Starting with the line containing "The center is" and going on through the line containing "SurveyUSA found Obama", return the lines of the data below exactly, and only those.

═════ Input

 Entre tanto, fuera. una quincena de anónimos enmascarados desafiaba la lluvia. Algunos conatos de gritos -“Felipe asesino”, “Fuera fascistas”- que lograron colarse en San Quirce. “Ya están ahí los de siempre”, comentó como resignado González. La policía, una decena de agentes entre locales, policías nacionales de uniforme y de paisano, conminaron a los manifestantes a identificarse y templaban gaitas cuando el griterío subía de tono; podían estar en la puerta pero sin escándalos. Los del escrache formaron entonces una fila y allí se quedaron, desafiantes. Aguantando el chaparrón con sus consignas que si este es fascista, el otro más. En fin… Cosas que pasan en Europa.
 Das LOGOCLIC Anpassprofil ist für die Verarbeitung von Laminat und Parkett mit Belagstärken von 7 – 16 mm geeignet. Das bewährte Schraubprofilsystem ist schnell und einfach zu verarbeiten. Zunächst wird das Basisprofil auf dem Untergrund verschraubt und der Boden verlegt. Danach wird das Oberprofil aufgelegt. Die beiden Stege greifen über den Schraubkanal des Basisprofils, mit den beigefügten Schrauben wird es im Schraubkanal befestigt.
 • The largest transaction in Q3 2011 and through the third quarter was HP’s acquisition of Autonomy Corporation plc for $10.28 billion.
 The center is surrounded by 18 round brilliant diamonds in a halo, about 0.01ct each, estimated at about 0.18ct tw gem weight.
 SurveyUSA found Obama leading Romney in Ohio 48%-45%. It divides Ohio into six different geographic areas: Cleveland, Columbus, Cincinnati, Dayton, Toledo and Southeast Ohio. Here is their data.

══════════
═════ Input

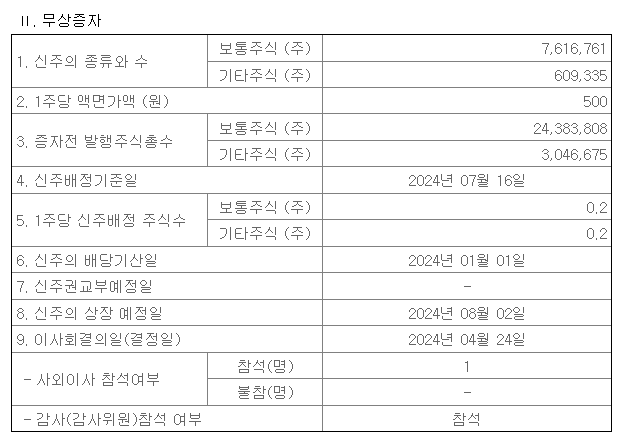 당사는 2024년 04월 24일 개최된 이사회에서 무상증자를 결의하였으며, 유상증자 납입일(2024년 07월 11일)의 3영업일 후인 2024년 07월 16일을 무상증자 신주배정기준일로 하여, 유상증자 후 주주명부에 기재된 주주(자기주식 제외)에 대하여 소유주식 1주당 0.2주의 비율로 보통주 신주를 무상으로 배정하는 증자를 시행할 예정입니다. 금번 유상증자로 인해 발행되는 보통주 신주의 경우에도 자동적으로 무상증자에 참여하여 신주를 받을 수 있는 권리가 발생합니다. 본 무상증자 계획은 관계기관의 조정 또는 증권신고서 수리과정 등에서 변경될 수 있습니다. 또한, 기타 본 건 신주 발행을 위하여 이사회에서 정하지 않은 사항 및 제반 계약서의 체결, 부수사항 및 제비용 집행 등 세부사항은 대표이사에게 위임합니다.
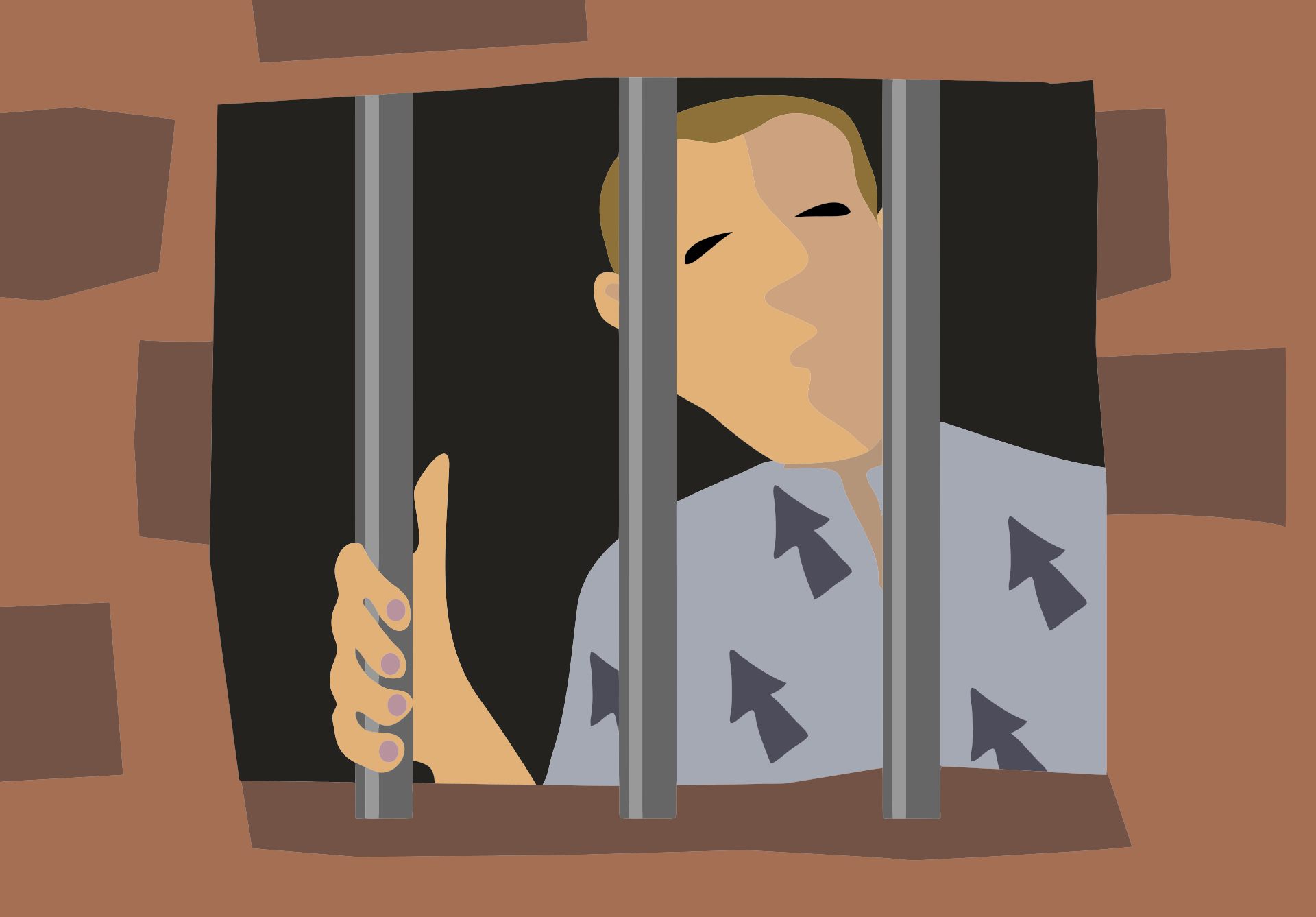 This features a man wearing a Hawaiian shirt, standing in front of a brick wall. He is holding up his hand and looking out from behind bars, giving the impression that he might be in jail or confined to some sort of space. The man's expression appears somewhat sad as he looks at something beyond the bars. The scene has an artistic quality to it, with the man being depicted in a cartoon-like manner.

══════════
═════ Input

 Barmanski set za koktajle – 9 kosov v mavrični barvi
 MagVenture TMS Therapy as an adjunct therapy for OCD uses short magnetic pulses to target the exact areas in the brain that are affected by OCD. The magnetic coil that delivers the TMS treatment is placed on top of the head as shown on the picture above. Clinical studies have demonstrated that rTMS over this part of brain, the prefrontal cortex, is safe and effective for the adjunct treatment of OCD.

══════════

## Task output
 The center is surrounded by 18 round brilliant diamonds in a halo, about 0.01ct each, estimated at about 0.18ct tw gem weight.
 SurveyUSA found Obama leading Romney in Ohio 48%-45%. It divides Ohio into six different geographic areas: Cleveland, Columbus, Cincinnati, Dayton, Toledo and Southeast Ohio. Here is their data.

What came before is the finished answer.